The EU regulation that came into force on 10 March requires extensive disclosures from financial market participants. Read on to find out more
by Bethan Rees
The EU's Sustainable Finance Disclosure Regulation (SFDR) has been in force since 10 March and "applies to financial market participants (FMPs) whose business is in Europe, non-EU FMPs (and their subsidiaries) who do business in the EU or sell products to the EU, and non-EU firms that sub-manage EU assets or funds", according to a 2021 report on SFDR by Sustainalize, a Netherlands-based consulting and interim-management firm specialising in sustainability.
Here are five things to know about SFDR, drawn from CISI webinars on the subject.
The background
In a CISI TV webinar titled From SFTR to SFDR on 10 February 2021, Farrah Mahmood, senior regulatory analyst at the International Securities Lending Association, provides some context to SFDR, saying that it goes back to 2016, when the European Commission established a high-level expert group on sustainable finance.
"The group's core mandate was to advise the commission on how to mainstream sustainability into risk management," she says. Recommendations of the group were used to form the 2018 Action plan: financing sustainable growth, with action seven of the ten actions "calling for clarification of asset managers and institutional investors’ duties regarding sustainability and a proposal for the regulation on disclosures on sustainable activity". In 2019, co-legislators adopted SFDR as it is today.
Its purpose
Article 1 of the regulation "lays down harmonised rules for financial market participants and financial advisers on transparency with regard to the integration of sustainability risks and the consideration of adverse sustainability impacts in their processes and the provision of sustainability‐related information with respect to financial products".
Mahmood explains in From SFTR to SFDR that one of the main purposes of SFDR is "to address concerns that disclosures are currently inconsistent across the market, which make it difficult for end investors to compare and make informed investment decisions".

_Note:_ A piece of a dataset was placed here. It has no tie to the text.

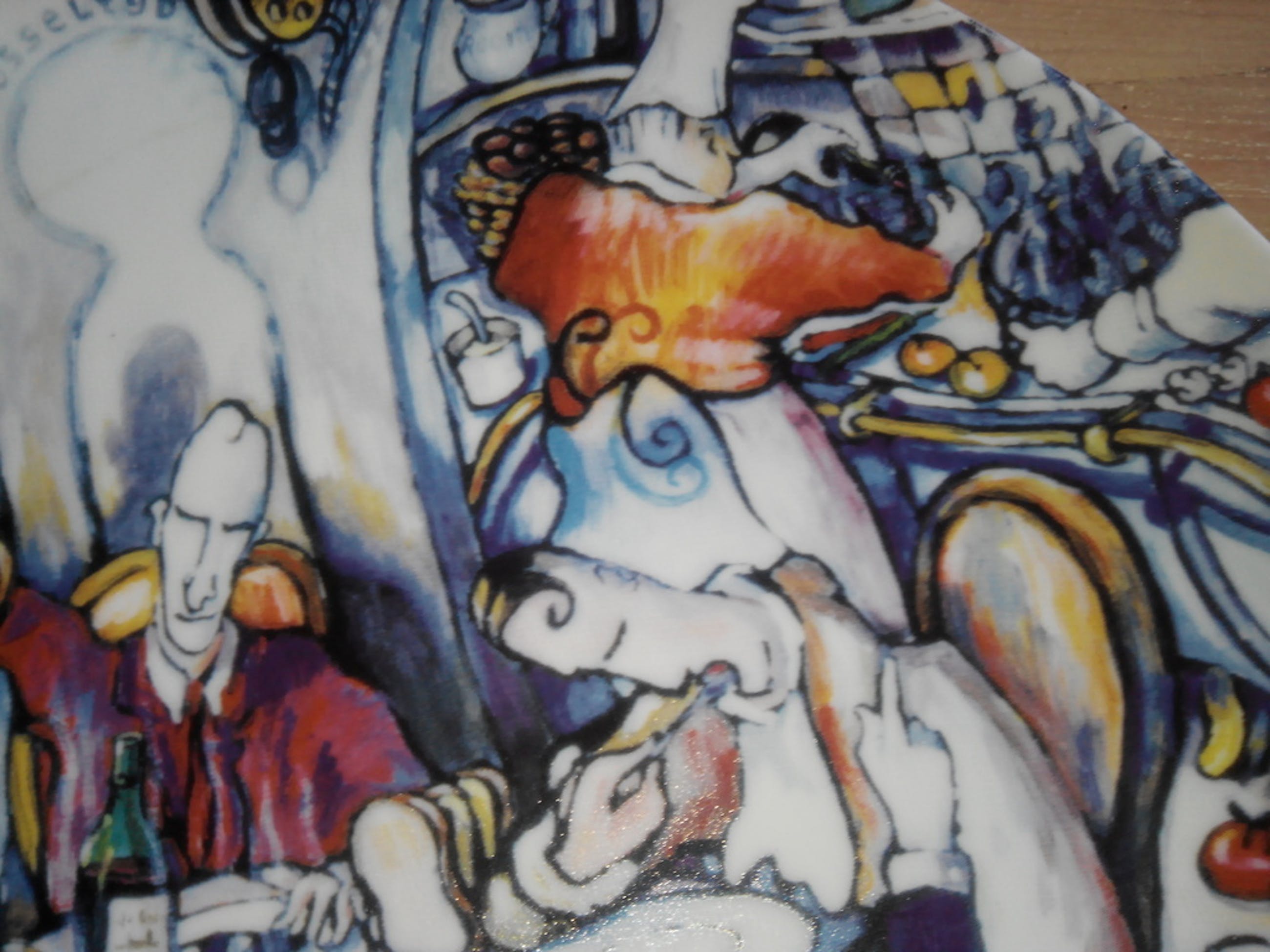 Prachtig gaaf bord met daarop een druk van deTilburgse kunstenaar Rob van Trier, Limited Edition, vervaardigd door Schoonhoven Keramiek. Titel: Mosseltijd Diameter 31 cm.

"In-scope firms are required to publish written policies on the integration of sustainability risk into their investment decision processes. They are required to make contractual disclosures on how they incorporate these risks into their businesses or product, as well as publish an online description on their website on the methodologies used to assess and to evaluate the effectiveness of investments," she says.
Who does it impact?
The application is broad, says Barry O'Connor, partner, asset management and investment funds at Irish law firm Matheson, in a CISI TV February 2021 webinar titled SFDR – what does it mean for the manager and the investor? He explains that the regulation covers FMPs – essentially anybody that is engaged in portfolio management, including insurance companies, undertakings for collective investment in transferable securities, alternative investment managers, and financial advisers.
In From SFTR to SFDR, Mahmood says that it will also impact investment firms that are subject to the Markets in Financial Instruments Directive reporting for portfolio management services in respect of how they integrate sustainability risk into their investment decisions.
Mahmood says it's important to note that even if an in-scope firm does not offer an environmental, social and governance focused product, it may still be captured by this regulation.
Article 6, 8 and 9 product categories and pre-contract disclosures
Under SFDR, different product categories require additional pre-contractual reporting. In SFDR – what does it mean for the manager and the investor? Louise Dobbyn, partner, financial institutions group at Matheson, explains the difference between article 6, 8 and 9 categories.
Article 6 disclosures apply to all products. FMPs must disclose whether sustainability risks are integrated into their investment decisions, and the likely impact of the sustainability risks on those products.
Article 8 disclosures apply to products often referred to as 'light green products', which promote environmental or social characteristics, or a combination of the two. Firms must disclose which characteristics the products meet, and how the product meets them, Dobbyn says.
Article 9 disclosures apply to products often referred to as 'dark green products' that have sustainable investment as their objective. Dobbyn says that SFDR "defines sustainable investment as investments in economic activity that contribute to an environmental objective, a social objective or investment in human capital or socially disadvantaged communities. Firms must disclose how sustainable investment objectives are being met," she says.
Good governance requirement
Under the regulation, to ensure consistent application, "it is necessary to lay down a harmonised definition of ‘sustainable investment’ which provides that the investee companies follow good governance practices and the precautionary principle of ‘do no significant harm’ is ensured, so that neither the environmental nor the social objective is significantly harmed."
In a Columbia Law School blog, Michelle Kirschner, Chris Hickey and Martin Coombes say that "'good governance practices' is not defined in the SFDR. It is clear from the text that the European legislators intended it to be interpreted widely".
In SFDR – what does it mean for the manager and the investor? Sam Tripuraneni, lead product strategist for commercialising BlackRock Sustainable Investing's IP in EMEA, explains that good governance practices include sound management structure, employee remuneration, employee relations and tax compliance.